The Trial Court's Third Finding of Fact

The Ellis County District Attorney claims that the third finding of fact made by the trial court is not supported by legally and factually sufficient evidence. This finding of fact is:

Following Petitioner's arrest, the County Attorney discovered evidence previously unknown to the County Attorney or the indicting Grand Jury regarding the alleged victim's promiscuity. The County Attorney further determined that evidence regarding the alleged victim's psychiatric condition which was not presented to the indicting Grand Jury because of irrelevancy had become relevant to the case.

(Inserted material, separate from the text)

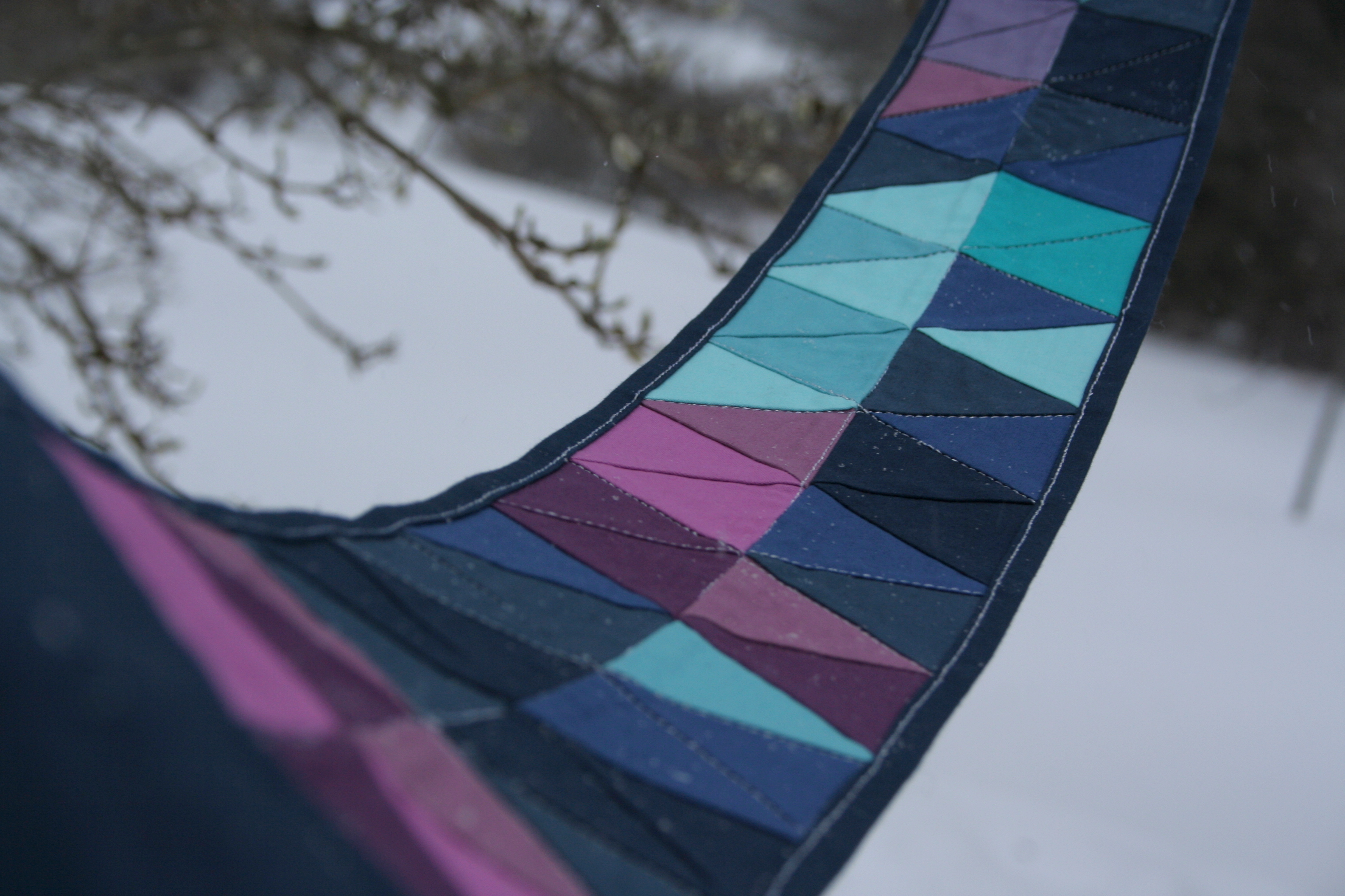 Night Quilter Alter Ego belt in progress.Don’t mind the snow. Of course it’s snowing again. We are getting another 24″ tonight into tomorrow!
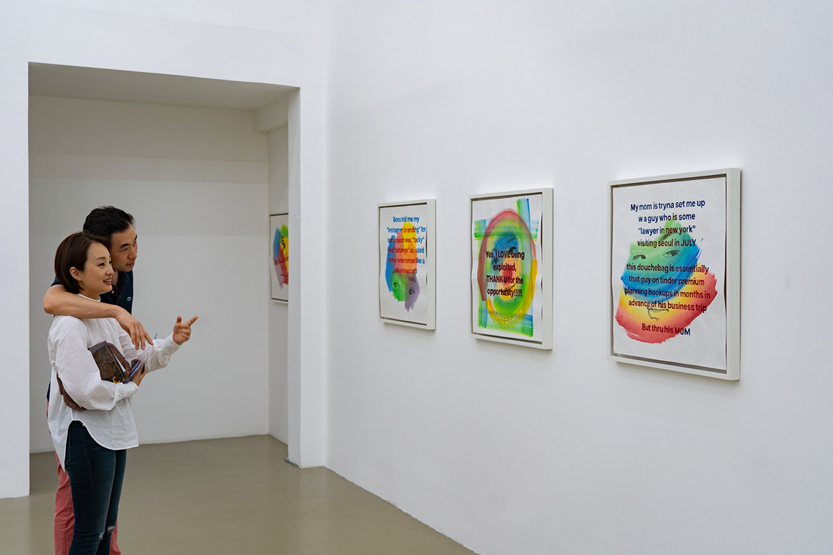 태국 방콕에서 열리는 이유진의 개인전 <무지개 아래>의 준비 과정은 그리 특별하지는 않지만, 관객을 완전히 몰입시키는 무언가가 있다. 어떻게 보면 변화무쌍한 인생 궤도, 창의적 협동 관계, 그리고 전시기획사업 등이 가지는 변동성에 관한 꽤 평범한 뒷이야기이기도 한데, 본래 컬럼비아 미술대학원 동기였던 니콜 말루프와의 2인전(혹은 협동 전시)으로 기획되었던 본 전시의 취지는 몇 년에 걸쳐 변형되어 마침내 현재의 모습으로 자리 잡게 된다.

In order to determine whether this finding is supported by the evidence, we must review the relevant testimony of Mary Lou Shipley, who had been the district attorney for Ellis County when Stiles was indicted. Shipley testified that after the original grand jury returned an indictment charging Stiles with sexual assault and indecency with a child, she learned additional information about the complainant's previous sexual conduct. Shipley stated that this information provided a defense for Stiles which would result in his acquittal, and it had not been presented to the first grand jury. Furthermore, Shipley testified that she was aware that the complainant had been receiving psychiatric care or was institutionalized, but she could not recall exactly when this information came to her knowledge, except she believed it was before the case was presented to the grand jury. Shipley also did not recall whether the...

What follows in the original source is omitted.